_Task objective_
Reproduce exactly, with no pictures, each line from the opening of the material down through the line containing "8th 2018 | ||".

_Recorded information_

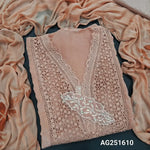 Pastel pink crinkled jimmy choo with silver tint unstitched salwar material, lace work on yoke, rich cut work on panel pattern(thin, lining needed)matching silky bottom, brush painted chiffon dupatta with lace tapings. CODE AG251611
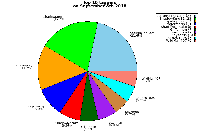 | Top 10 taggers on September 8th 2018 | ||
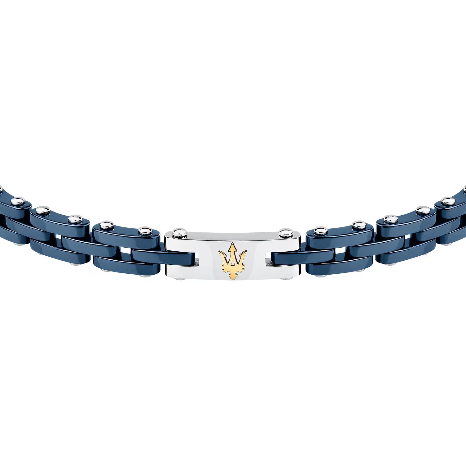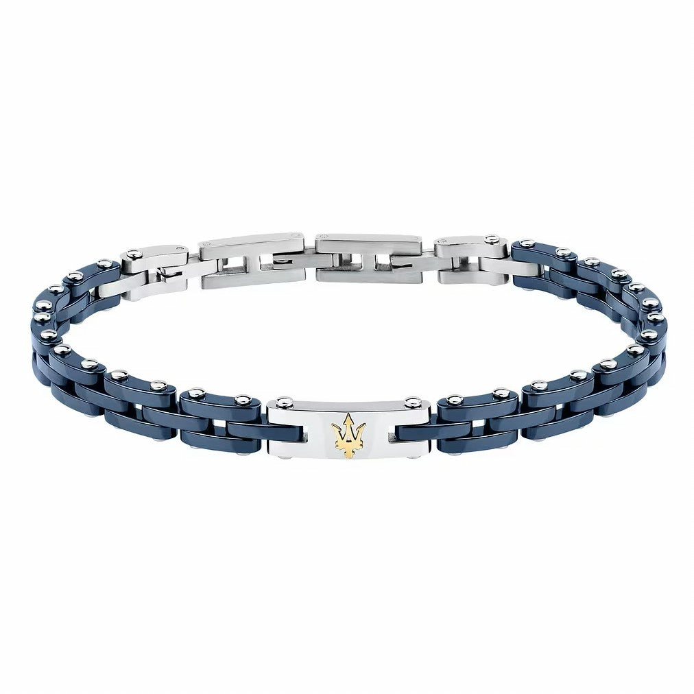 Bracciale da uomo della collezione "Ceramic" di Maserati, realizzato in acciaio anallergico e ceramica blu e logo centrale dorato.
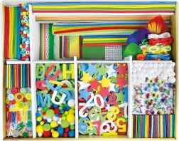 - env. 1300 pièces (film transparent, papier translucide, carton ondulé coloré, feutrine, polaire, strass autocollants, éléments en mousse, pinces à linge, bâtonnets en bois, plumes, ruban crépon, boutons, etc.)

_Solution_
 Pastel pink crinkled jimmy choo with silver tint unstitched salwar material, lace work on yoke, rich cut work on panel pattern(thin, lining needed)matching silky bottom, brush painted chiffon dupatta with lace tapings. CODE AG251611
 | Top 10 taggers on September 8th 2018 | ||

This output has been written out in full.